**INSTRUCTIONS TO FOLLOW:**
Retype only the lines that run from the top of the material below to the line bearing "On September 5, 2011, Terra", inclusive, and keep the pictures out.
══════════
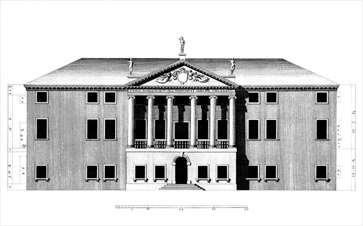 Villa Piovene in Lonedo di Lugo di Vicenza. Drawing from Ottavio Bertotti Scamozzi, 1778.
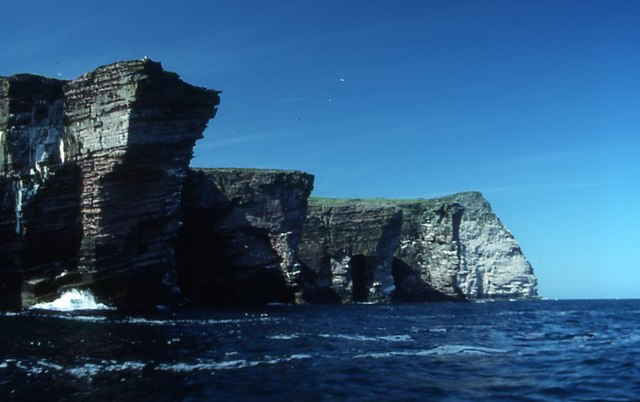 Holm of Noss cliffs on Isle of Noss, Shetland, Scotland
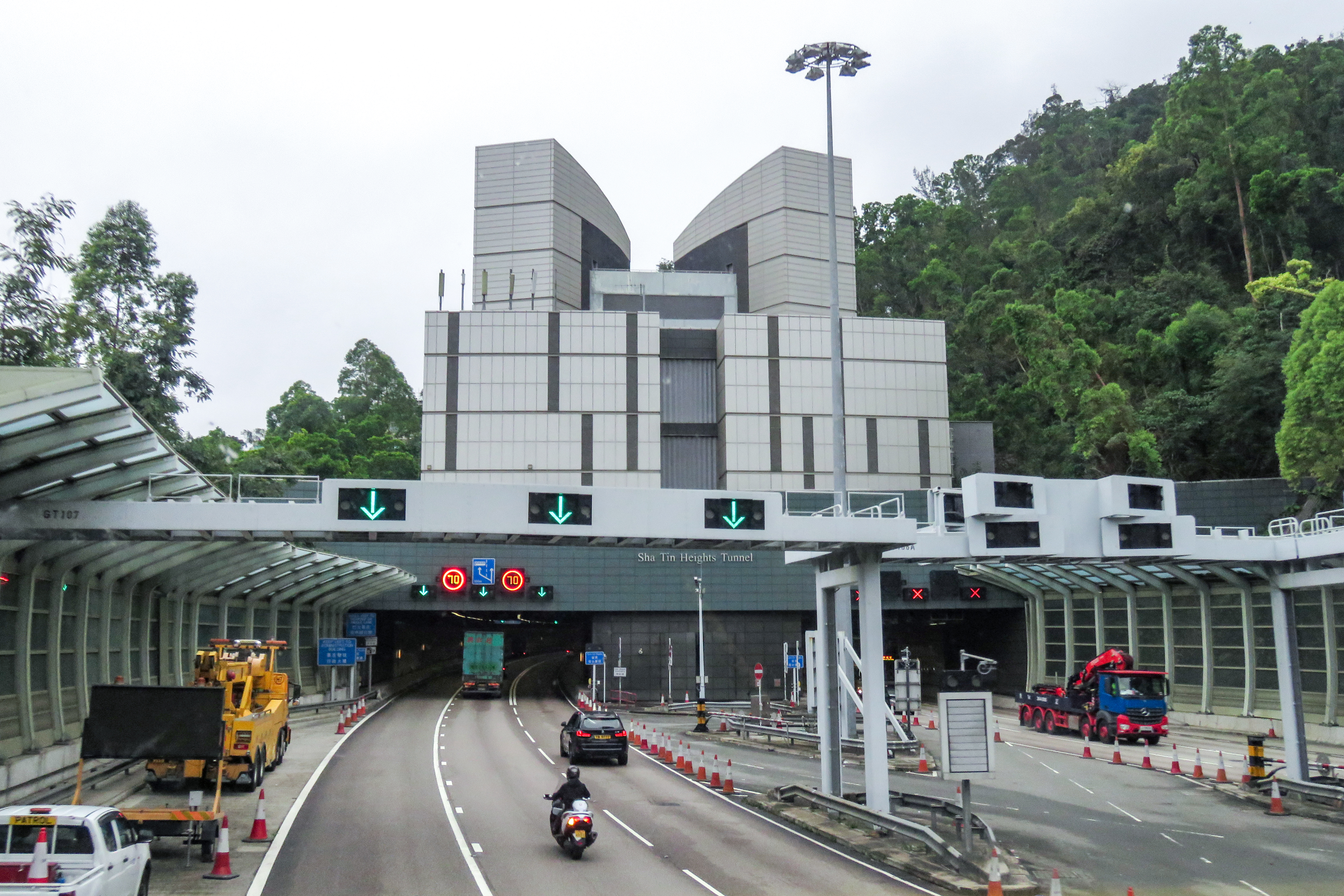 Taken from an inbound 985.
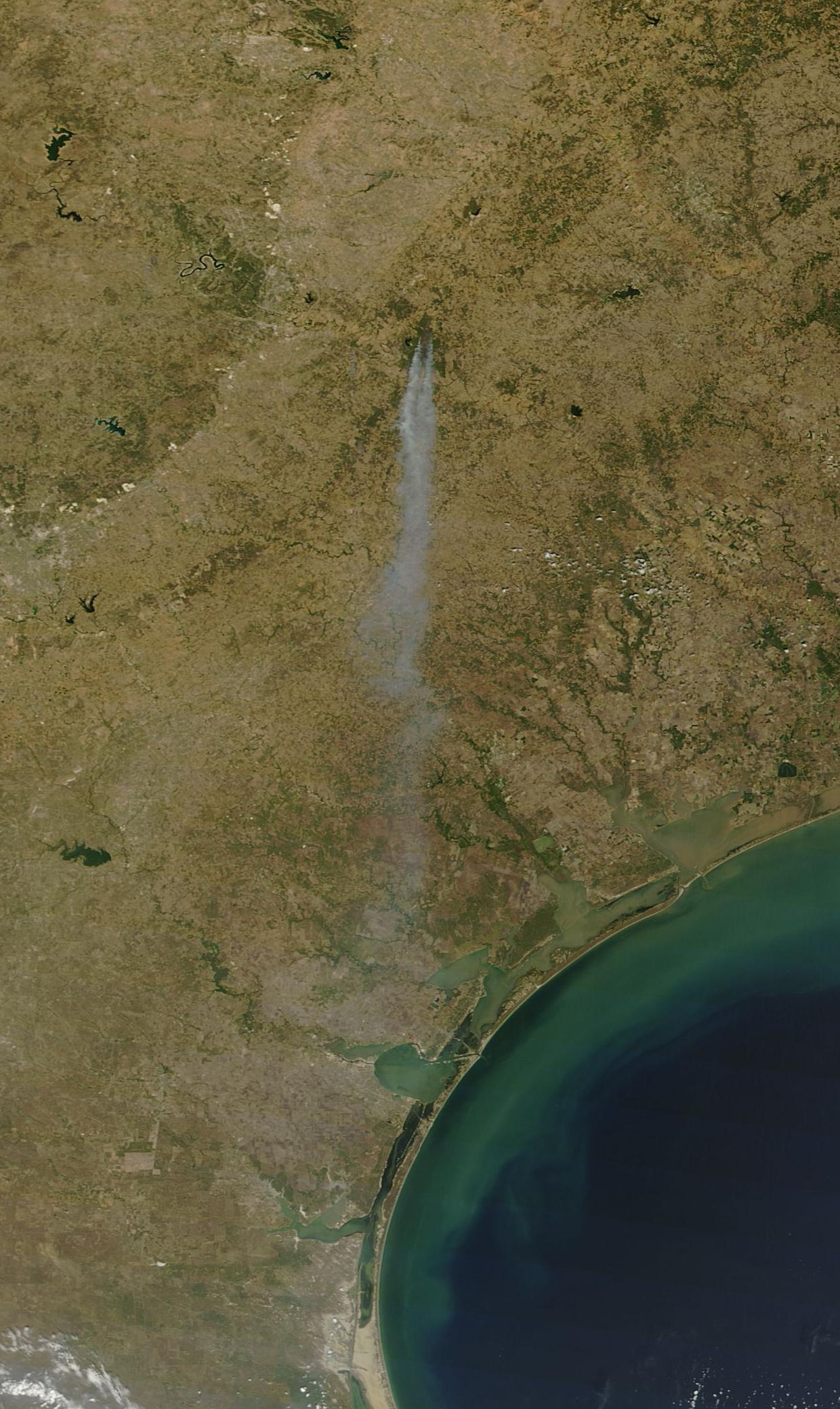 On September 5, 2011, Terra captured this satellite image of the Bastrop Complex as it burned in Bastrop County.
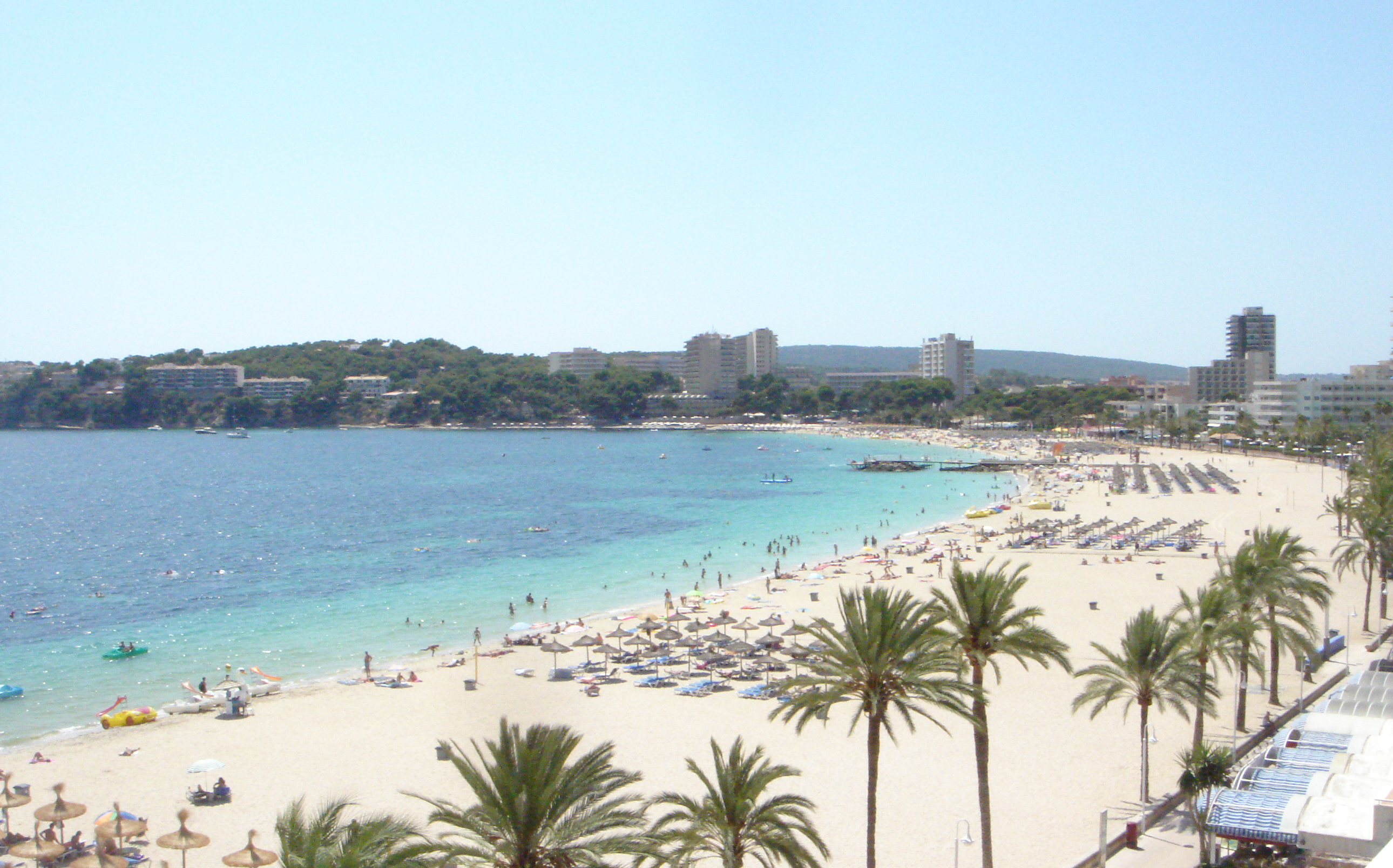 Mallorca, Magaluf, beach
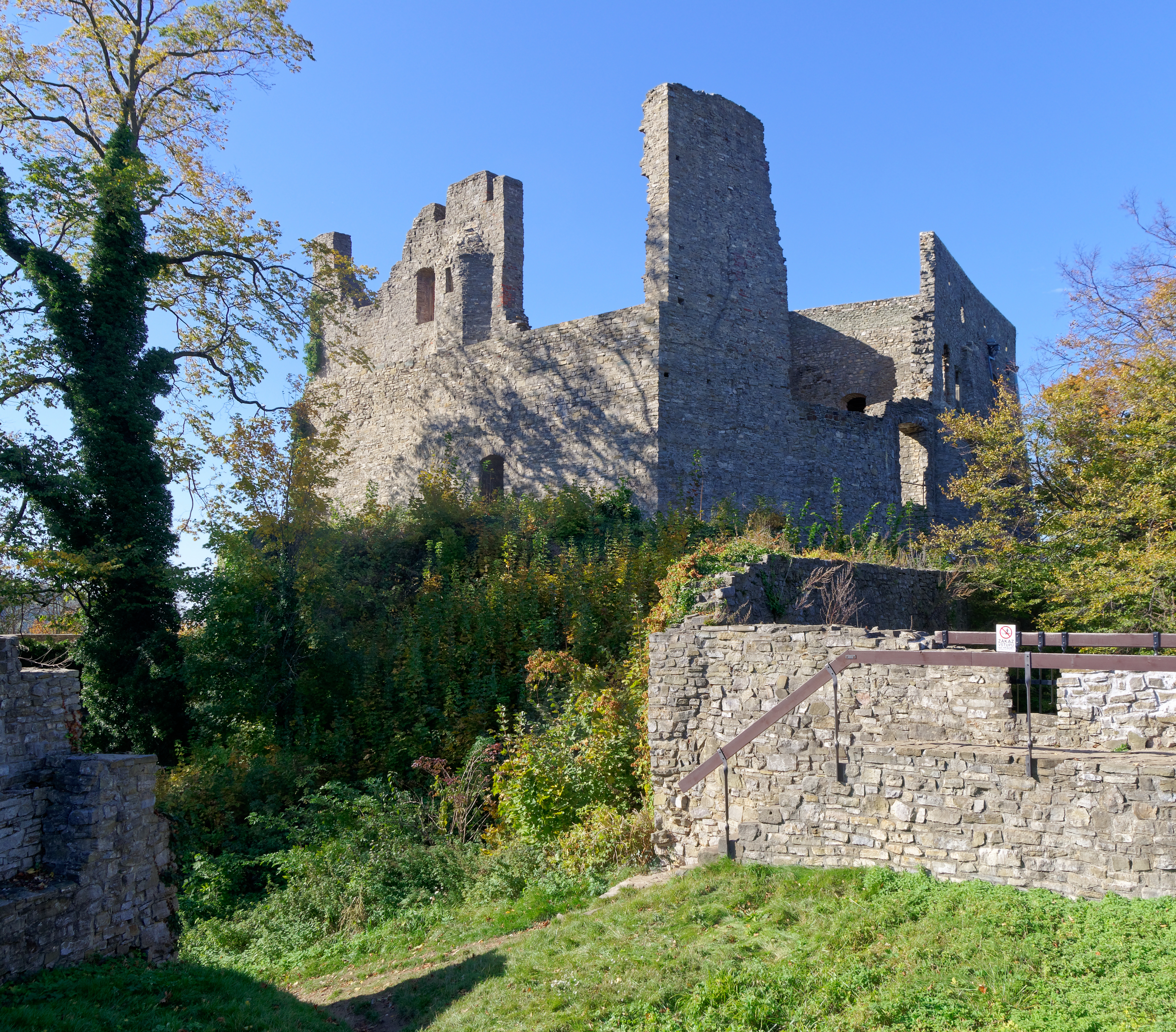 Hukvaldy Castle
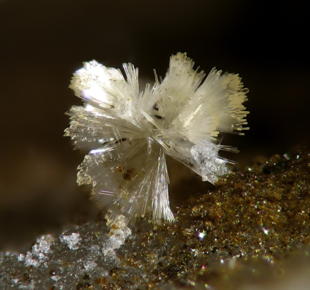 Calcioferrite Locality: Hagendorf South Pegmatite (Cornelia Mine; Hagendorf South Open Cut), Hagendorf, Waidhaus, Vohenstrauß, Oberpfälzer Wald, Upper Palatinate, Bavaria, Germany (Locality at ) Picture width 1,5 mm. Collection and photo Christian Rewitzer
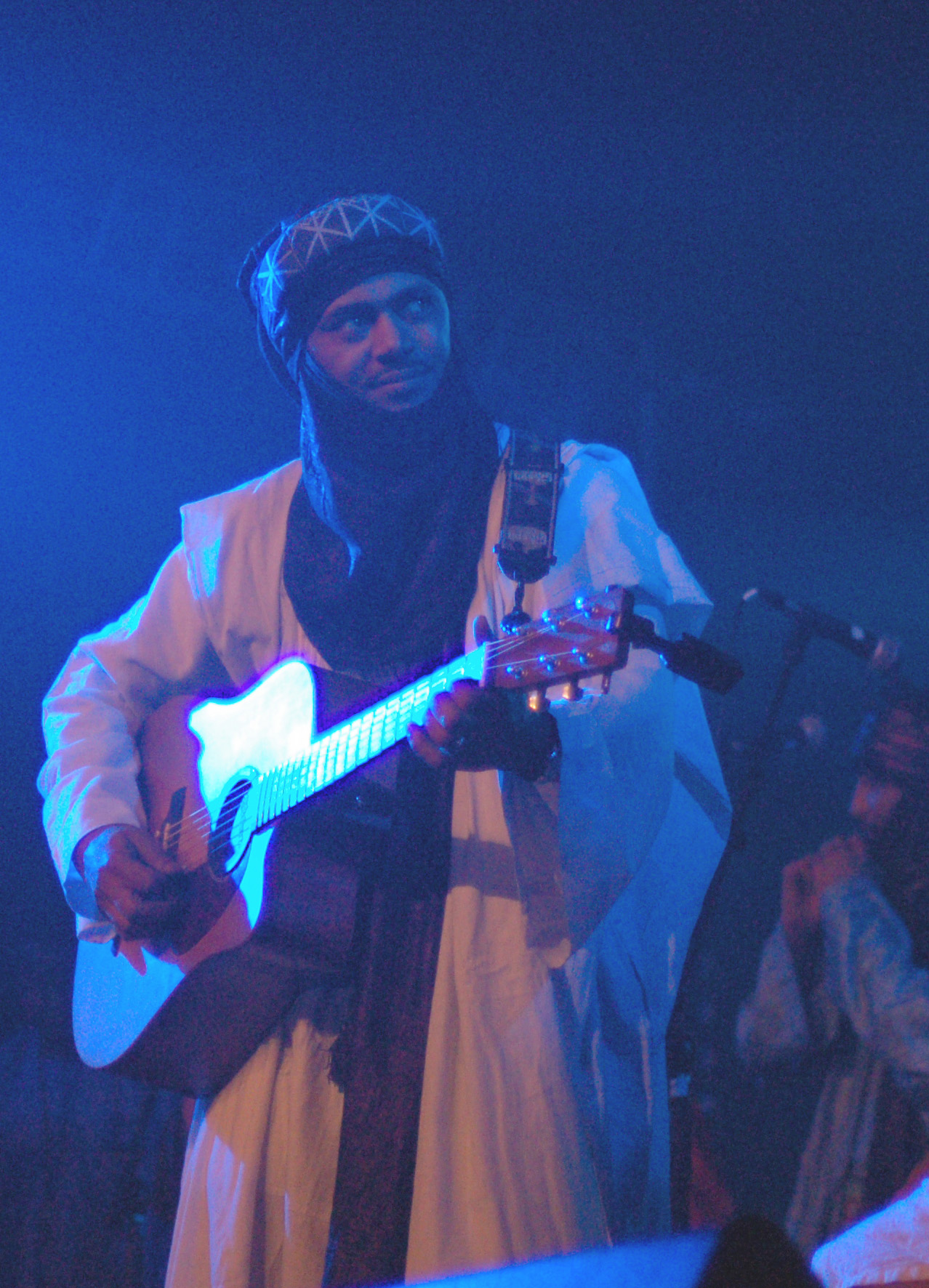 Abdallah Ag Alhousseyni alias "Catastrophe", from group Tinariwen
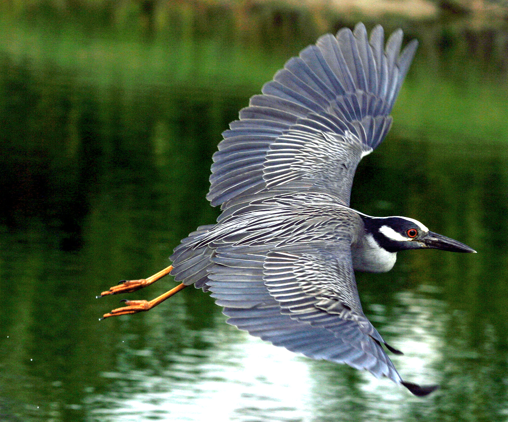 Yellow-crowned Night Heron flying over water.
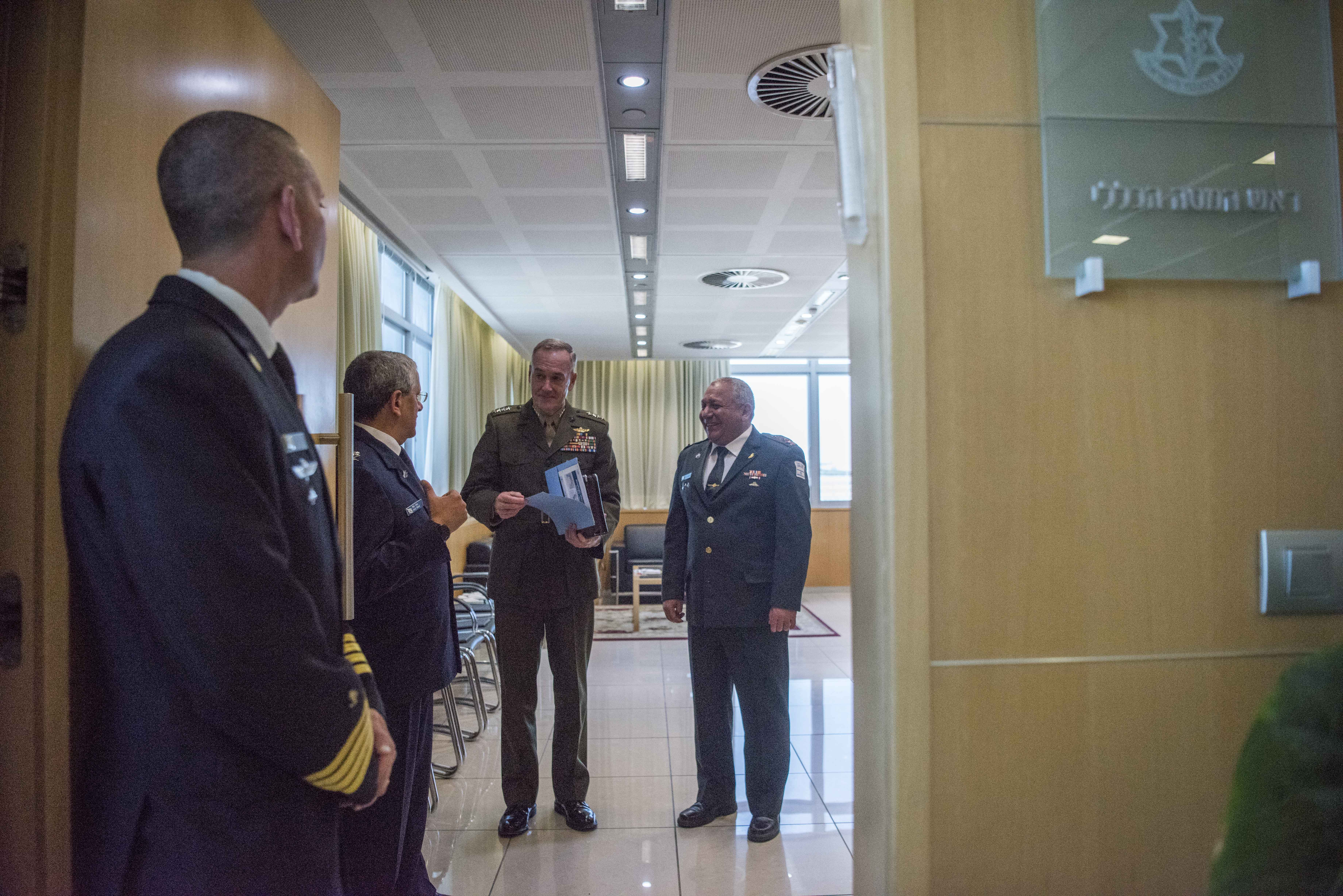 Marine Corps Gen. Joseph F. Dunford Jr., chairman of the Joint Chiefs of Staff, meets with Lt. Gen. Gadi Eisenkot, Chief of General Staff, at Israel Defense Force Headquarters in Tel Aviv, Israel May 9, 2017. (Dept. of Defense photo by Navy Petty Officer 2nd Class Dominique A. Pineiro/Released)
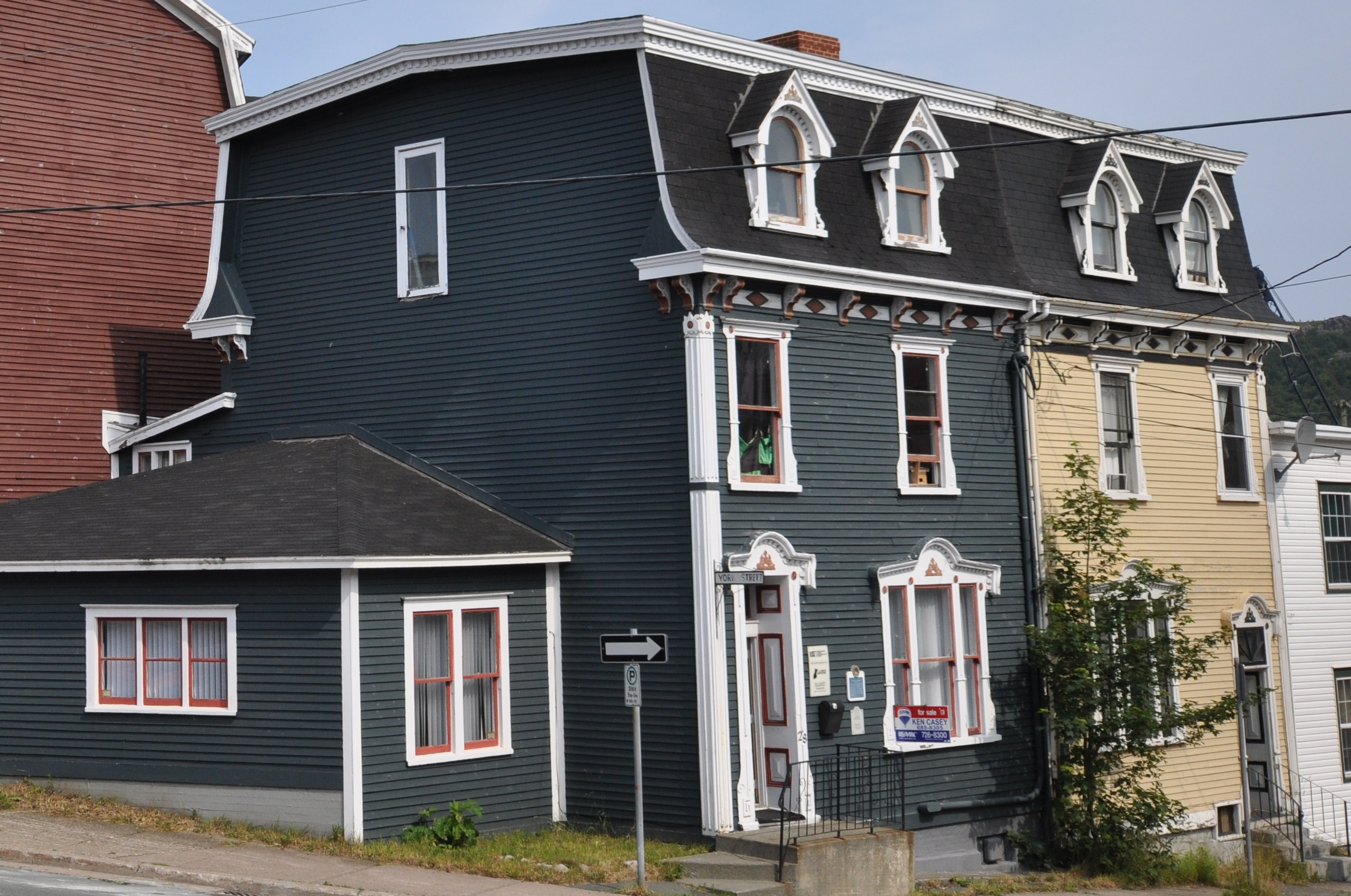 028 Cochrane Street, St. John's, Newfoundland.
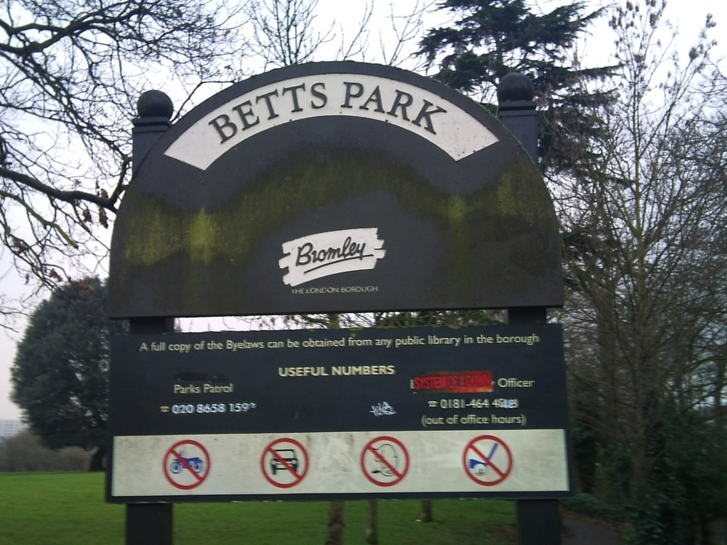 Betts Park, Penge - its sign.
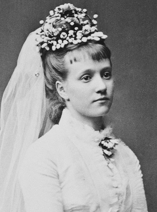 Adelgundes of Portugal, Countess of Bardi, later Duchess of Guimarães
══════════
**ANSWER SPACE:**
 Villa Piovene in Lonedo di Lugo di Vicenza. Drawing from Ottavio Bertotti Scamozzi, 1778.
 Holm of Noss cliffs on Isle of Noss, Shetland, Scotland
 Taken from an inbound 985.
 On September 5, 2011, Terra captured this satellite image of the Bastrop Complex as it burned in Bastrop County.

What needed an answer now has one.